# Performance Test for JSONL Operations

This notebook demonstrates the performance characteristics of various JSONL operations using the `jsonlfile` module. We'll test:

1. Saving large datasets
2. Loading datasets
3. Selecting records within a range
4. Updating records
5. Deleting records

We'll use a large dataset with 1 million records and measure the performance of each operation.

In [23]:
import sys
import os
import random
import time
from datetime import datetime, timedelta

from jsonldb.jsonlfile import save_jsonl, load_jsonl, select_jsonl, update_jsonl, delete_jsonl

## Helper Functions

First, let's define our helper functions for generating test data and timing operations.

In [24]:
def generate_random_record():
    """Generate a random record with consistent structure."""
    return {
        "timestamp": datetime.now().isoformat(),
        "value": random.randint(1, 1000000),
        "temperature": round(random.uniform(-10.0, 40.0), 2),
        "pressure": round(random.uniform(980, 1020), 2),
        "humidity": random.randint(30, 90),
        "status": random.choice(["normal", "warning", "critical", "unknown"]),
        "location": random.choice(["north", "south", "east", "west", "center"]),
        "tags": random.sample(["sensor", "validated", "raw", "filtered", "anomaly", 
                             "peak", "valley", "trend", "stable"], k=3)
    }

def time_operation(name, func, *args, **kwargs):
    """Time an operation and print results."""
    start = time.time()
    result = func(*args, **kwargs)
    elapsed = time.time() - start
    print(f"{name}: {elapsed:.3f} seconds")
    return result

## Test Parameters

Let's set up our test parameters. We'll use:
- 1,000,000 total records
- 10,000 records for selection
- 10,000 records for updates
- 10,000 records for deletion

In [25]:
# Test parameters
num_records = 1_000_000  # 1M records
select_range = 10_000    # Select 10K records
update_count = 10_000    # Update 10K records
delete_count = 10_000    # Delete 10K records

## Generate Test Data

Let's generate our test dataset with random records.

In [26]:
print(f"Generating {num_records:,} records...")
data = {
    f"key_{i:08d}": generate_random_record()
    for i in range(num_records)
}
print(f"Generated {len(data):,} records")

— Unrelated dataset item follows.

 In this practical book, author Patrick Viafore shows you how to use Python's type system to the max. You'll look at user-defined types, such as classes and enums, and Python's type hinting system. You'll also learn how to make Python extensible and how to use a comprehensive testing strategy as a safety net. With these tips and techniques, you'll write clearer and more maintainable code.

Generating 1,000,000 records...
Generated 1,000,000 records


## Performance Tests

Now let's run our performance tests for each operation.

### 1. Save Operation

Test saving the entire dataset to a JSONL file.

In [27]:
print("Testing save operation...")
time_operation("Save", save_jsonl, "perf_test.jsonl", data)

Testing save operation...
Save: 3.557 seconds


### 2. Load Operation

Test loading the entire dataset from the JSONL file.

In [28]:
print("Testing load operation...")
loaded_data = time_operation("Load", load_jsonl, "perf_test.jsonl")
print(f"Loaded {len(loaded_data):,} records")

Testing load operation...
Load: 7.071 seconds
Loaded 1,000,000 records


### 3. Select Operation

Test selecting a range of records from the dataset.

In [29]:
print("Testing select operation...")
start_key = f"key_{random.randint(0, num_records-select_range):08d}"
end_key = f"key_{int(start_key[4:]) + select_range:08d}"
selected = time_operation("Select", select_jsonl, "perf_test.jsonl", (start_key, end_key))
print(f"Selected {len(selected):,} records")

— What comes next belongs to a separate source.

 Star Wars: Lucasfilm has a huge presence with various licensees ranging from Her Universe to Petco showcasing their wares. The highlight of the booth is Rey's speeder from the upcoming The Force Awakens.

Testing select operation...
Select: 13.457 seconds
Selected 1,000,000 records


### 4. Update Operation

Test updating a subset of records in the dataset.

In [30]:
print("Testing update operation...")
updates = {
    f"key_{random.randint(0, num_records):08d}": generate_random_record()
    for _ in range(update_count)
}
time_operation("Update", update_jsonl, "perf_test.jsonl", updates)

Testing update operation...
Update: 2.458 seconds


### 5. Delete Operation

Test deleting a subset of records from the dataset.

In [31]:
print("Testing delete operation...")
delete_keys = [f"key_{random.randint(0, num_records):08d}" 
              for _ in range(delete_count)]
time_operation("Delete", delete_jsonl, "perf_test.jsonl", delete_keys)

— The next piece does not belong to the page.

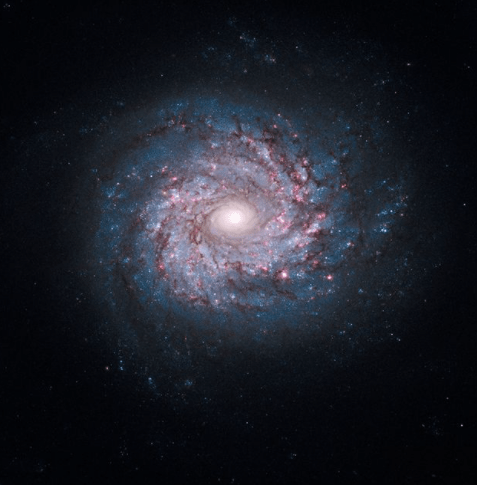 • Galaxias espirales: Tienen brazos espirales que se extienden desde un núcleo central. Estas galaxias suelen tener una mayor concentración de gas y polvo, lo que conduce a una formación activa de estrellas. Las estrellas en las galaxias espirales tienden a seguir órbitas más ordenadas en comparación con las galaxias elípticas. La rotación del disco es un factor importante en la dinámica de estas galaxias. Tenemos además dos suptipos de galaxias espirales:   a) Espiral Normal (S): Las galaxias espirales normales tienen brazos bien definidos y un núcleo central prominente.      b)Barradas (SB): Algunas galaxias espirales tienen una barra distintiva de estrellas a través del núcleo, clasificándose como barradas (por ejemplo, SBa, SBb, SBc).

Testing delete operation...
Delete: 23.444 seconds


## Performance Statistics

Let's calculate and display the final statistics.

In [32]:
print("Performance Statistics:")
print("-" * 50)
final_data = load_jsonl("perf_test.jsonl")
print(f"Final record count: {len(final_data):,}")
print(f"Records per operation:")
print(f"- Save: {num_records/1000:.1f}K records")
print(f"- Select: {select_range/1000:.1f}K records")
print(f"- Update: {update_count/1000:.1f}K records")
print(f"- Delete: {delete_count/1000:.1f}K records")

Performance Statistics:
--------------------------------------------------
Final record count: 990,062
Records per operation:
- Save: 1000.0K records
- Select: 10.0K records
- Update: 10.0K records
- Delete: 10.0K records


## Cleanup

Finally, let's clean up our test files.

In [33]:
print("Cleaning up...")
os.remove("perf_test.jsonl")
os.remove("perf_test.jsonl.idx")
print("Done!")

Cleaning up...
Done!